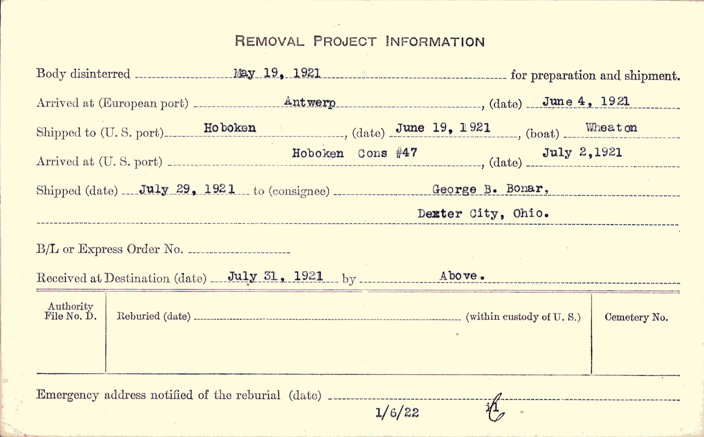 G.B. Bonar, (Father), Harrietsville, Ohio.
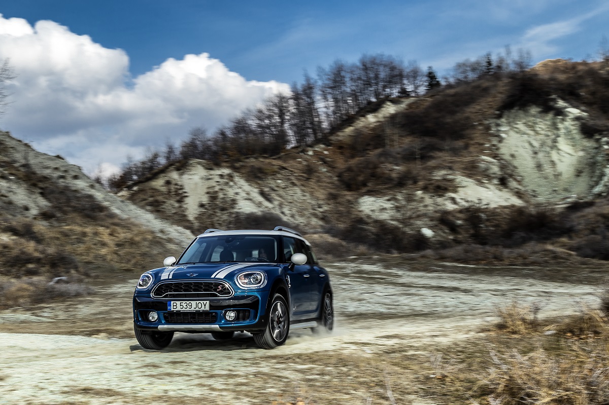 La drum, s-ar putea ca MINI să ți se pară un pic zgomotos, compartimentul motorului nu este perfect antifonat. Dar aici vorbim de o mașină de aventură, nu de o balerină de la Operă, așa că nu te poți aștepta ca mașinuța ta să meargă pe poante. Tracțiunea integrală ALL4 și garda la sol de 16.5 cm îl transformă într-un aventurier încălțat în bocanci, gata de o incursiune în off-road. Pentru teren accidentat, există și funcția Cliff Champ, care îți cronometrează performanțele.
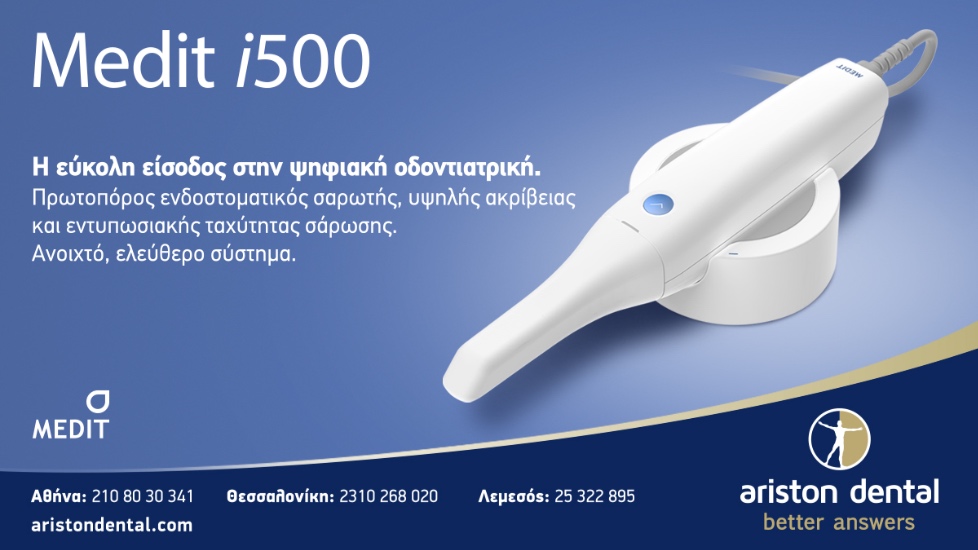 Με χαρά ανακοινώνουμε πως η εταιρεία μας “Ariston Dental – Better Answers” αντιπροσωπεύει στην Ελλάδα και την Κύπρο τον ενδοστοματικό σαρωτή MEDIT i500, για κλινικούς.
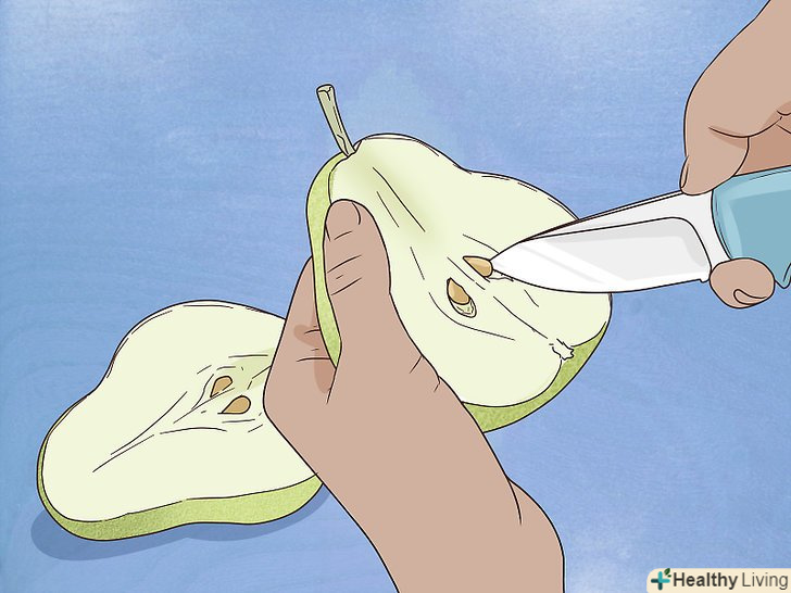 Виріжте з груші насіння. добре підійде звичайна покупна груша. Візьміть гострий ніж і розріжте грушу навпіл. Розріжте половинки ще раз-в результаті у вас вийде чотири скибочки, і ви легко зможете дістатися до серцевини з насінням. Дістаньте насіння ложкою або пальцями. В одній груші має бути близько 8 насіння. [2]- Завдяки перехресному запиленню кожна груша унікальна. Якщо ви збираєтеся посадити в майбутньому більше дерев, які дадуть такі ж плоди, можна покласти половину насіння в пластиковий пакет і зберігати їх в холодильнику 2 роки.
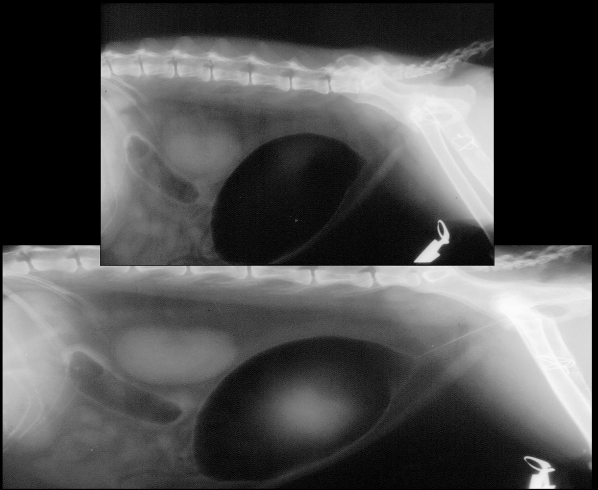 position in different recumbency to allow positive contrast to outline the entirety of the UB
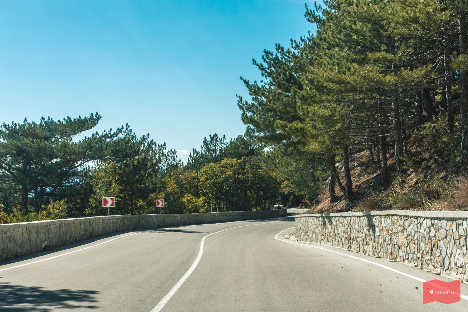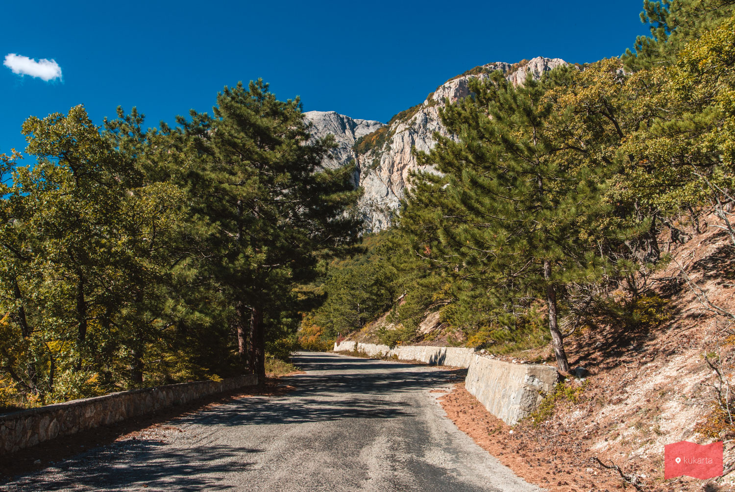 Если вы едете из Ялты, то подняться на старое Севастопольское шоссе можно в районе поселка Голубой залив, поворот на него будет недалеко от Алупки. Именно отсюда начинаются красивые виды. Но можно подняться и сразу в районе Оползневого, что позволит повернуть немного позже, при этом не потеряв в визуальной части.
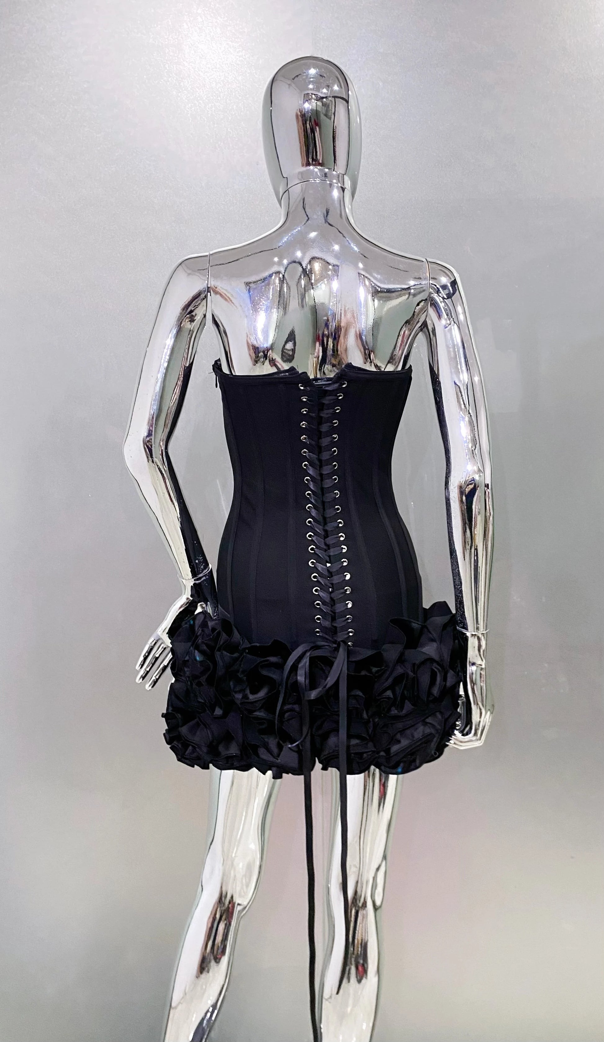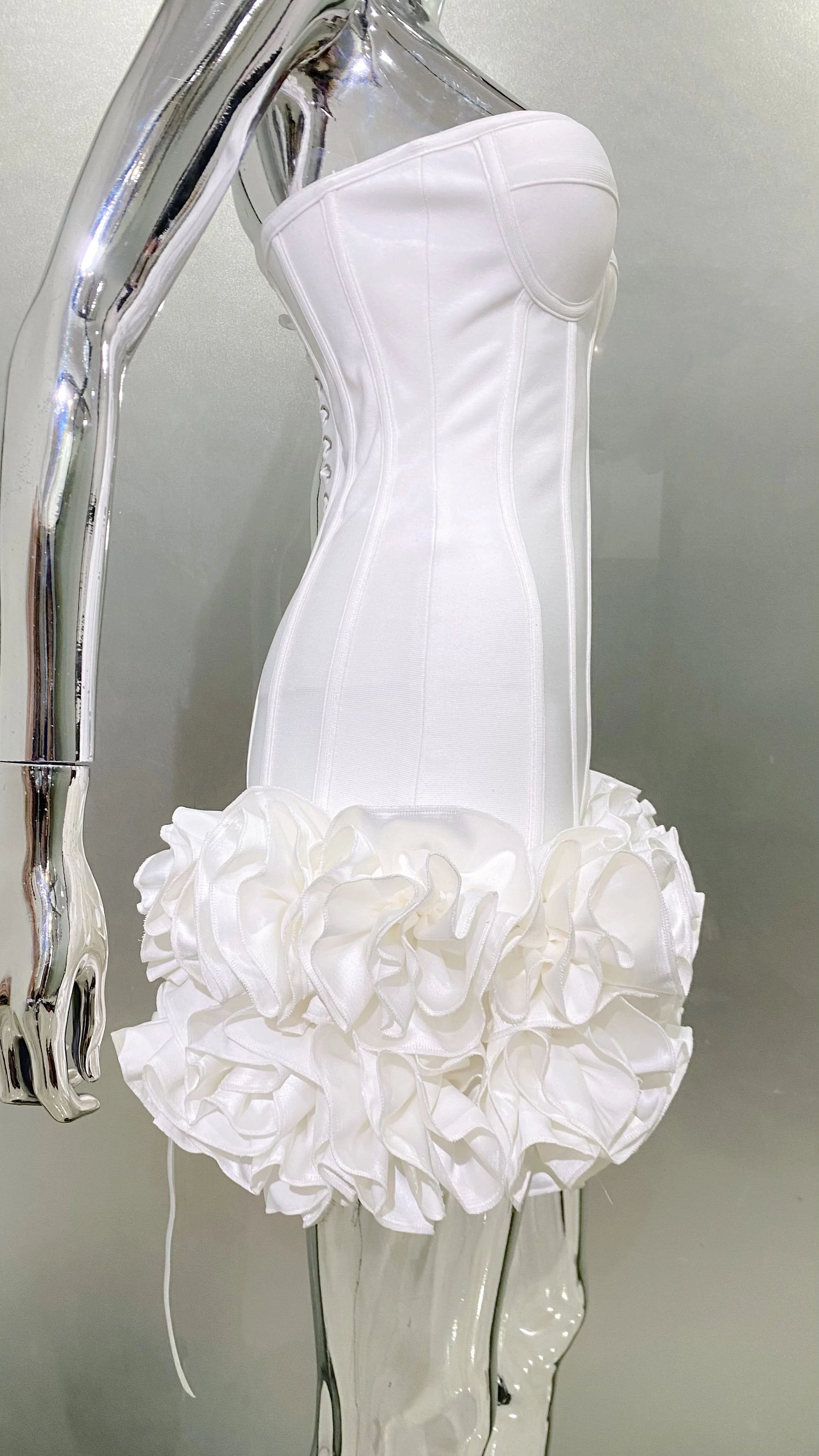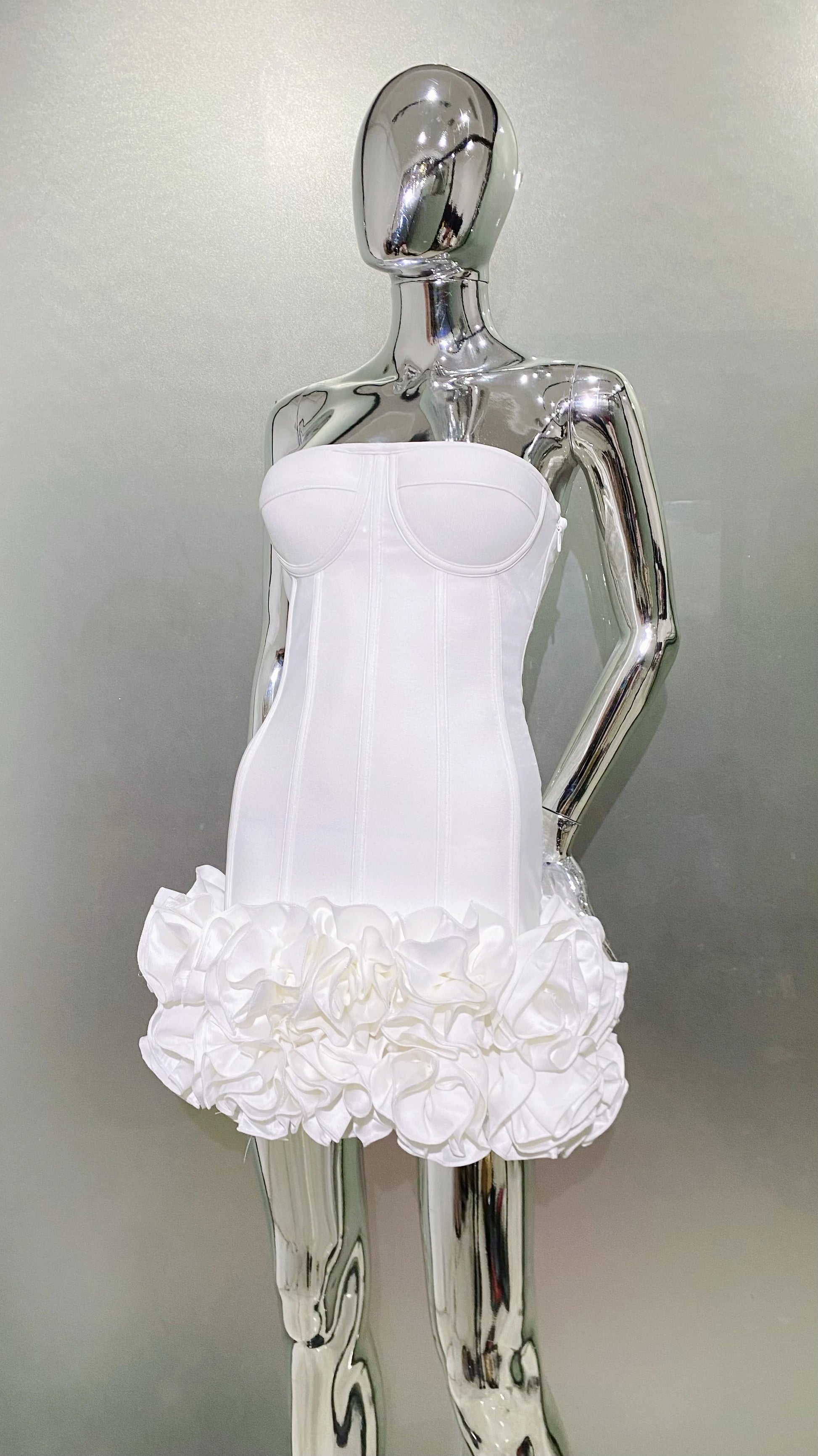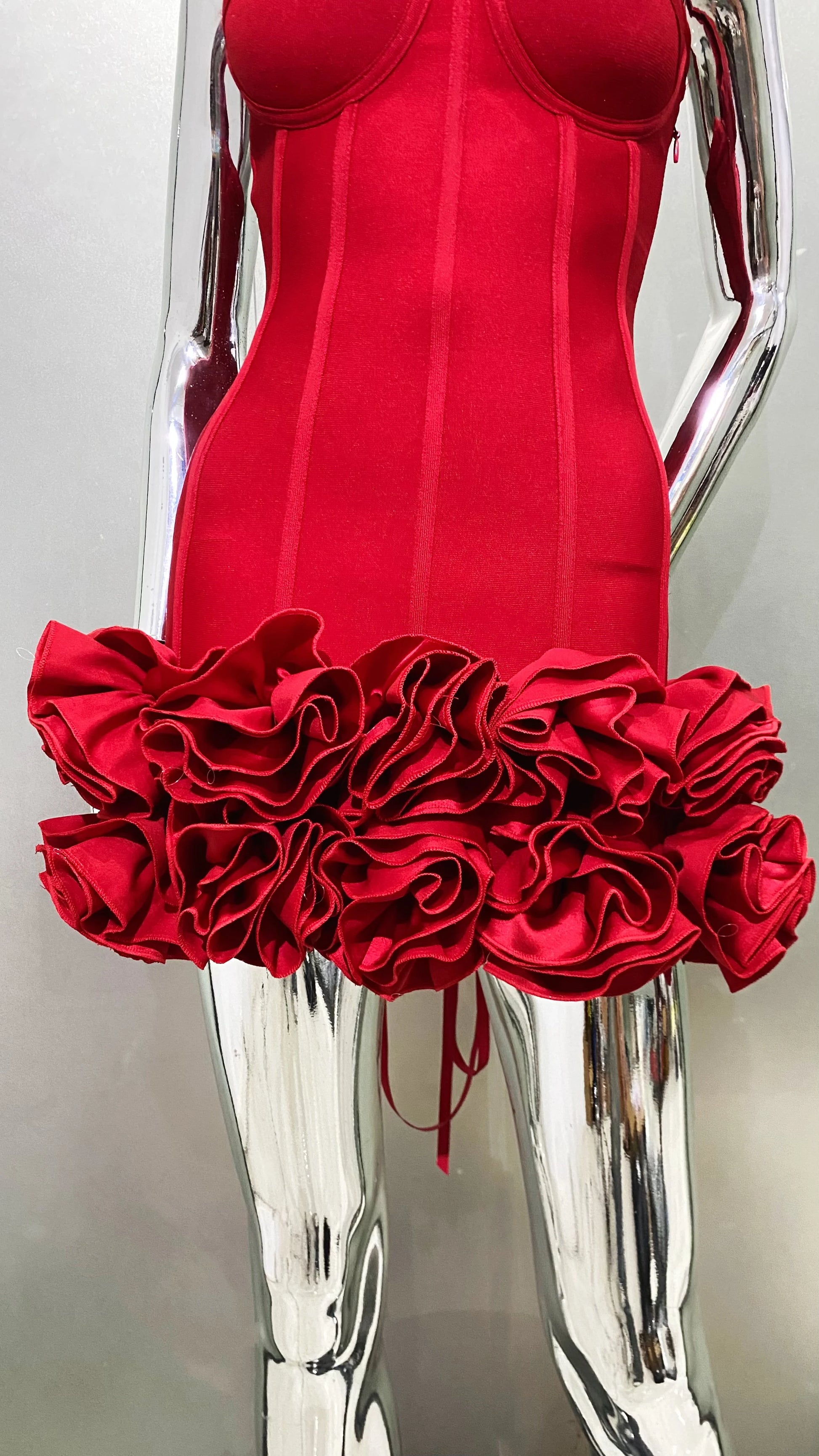 Stereoscopic Flowers Back Laceing Strapless Red Bandage Mini Evening Dress Sweet Woman Birthday Party Dress Performance costume

________________________________________

* Your task
Reproduce the records verbatim, omitting all images they contain.

* Problem solution
 G.B. Bonar, (Father), Harrietsville, Ohio.
 La drum, s-ar putea ca MINI să ți se pară un pic zgomotos, compartimentul motorului nu este perfect antifonat. Dar aici vorbim de o mașină de aventură, nu de o balerină de la Operă, așa că nu te poți aștepta ca mașinuța ta să meargă pe poante. Tracțiunea integrală ALL4 și garda la sol de 16.5 cm îl transformă într-un aventurier încălțat în bocanci, gata de o incursiune în off-road. Pentru teren accidentat, există și funcția Cliff Champ, care îți cronometrează performanțele.
 Με χαρά ανακοινώνουμε πως η εταιρεία μας “Ariston Dental – Better Answers” αντιπροσωπεύει στην Ελλάδα και την Κύπρο τον ενδοστοματικό σαρωτή MEDIT i500, για κλινικούς.
 Виріжте з груші насіння. добре підійде звичайна покупна груша. Візьміть гострий ніж і розріжте грушу навпіл. Розріжте половинки ще раз-в результаті у вас вийде чотири скибочки, і ви легко зможете дістатися до серцевини з насінням. Дістаньте насіння ложкою або пальцями. В одній груші має бути близько 8 насіння. [2]- Завдяки перехресному запиленню кожна груша унікальна. Якщо ви збираєтеся посадити в майбутньому більше дерев, які дадуть такі ж плоди, можна покласти половину насіння в пластиковий пакет і зберігати їх в холодильнику 2 роки.
 position in different recumbency to allow positive contrast to outline the entirety of the UB
 Если вы едете из Ялты, то подняться на старое Севастопольское шоссе можно в районе поселка Голубой залив, поворот на него будет недалеко от Алупки. Именно отсюда начинаются красивые виды. Но можно подняться и сразу в районе Оползневого, что позволит повернуть немного позже, при этом не потеряв в визуальной части.
 Stereoscopic Flowers Back Laceing Strapless Red Bandage Mini Evening Dress Sweet Woman Birthday Party Dress Performance costume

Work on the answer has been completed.